In this study, acyclovir, lamivudine and zidovudine were selected as model antiviral drugs. The acyclovir is one of the oldest antiviral drugs for treating herpes virus (Bryan-Marrugo et al., 2015), and the lamivudine is the most widely used nucleoside reverse transcriptase inhibitors in China (Yan et al., 2016). The zidovudine, commonly used for the treatment of human immunodeficiency virus, is not removed by wastewater treatment plant (Prasse et al., 2010). The three antiviral drugs are frequently detected in wastewaters and rivers with concentrations up to 0.1–9 μg L⁻¹ (Prasse et al., 2010; K’Oreje et al., 2012).
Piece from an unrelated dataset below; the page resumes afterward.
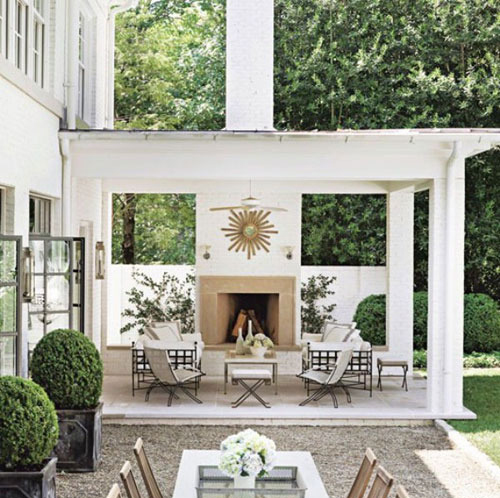 这个花园呈现出苏州园林的味道,白色墙面上的爬山虎,使整个空间都充满了清新的绿意。墙边壁炉里正劈啪作响,让你感受到浓浓的暖意。

Suwannee River fulvic acid (SRFA), Suwannee River humic acid (SRHA), Suwannee River natural organic matter (SRNOM), Pony Lake fulvic acid (PLFA), Nordic Aquatic fulvic acid (NAFA), Mississippi River natural organic matter (MRNOM) and SDOM were selected as representative DOM. Photophysical and photochemical properties of the seven DOM were characterized. Effects of DOM derived from freshwater and seawater on the photodegradation of the three antiviral drugs were investigated. Photodegradation half-lives of the three antiviral drugs were predicted considering the diurnal variation of sunlight intensity.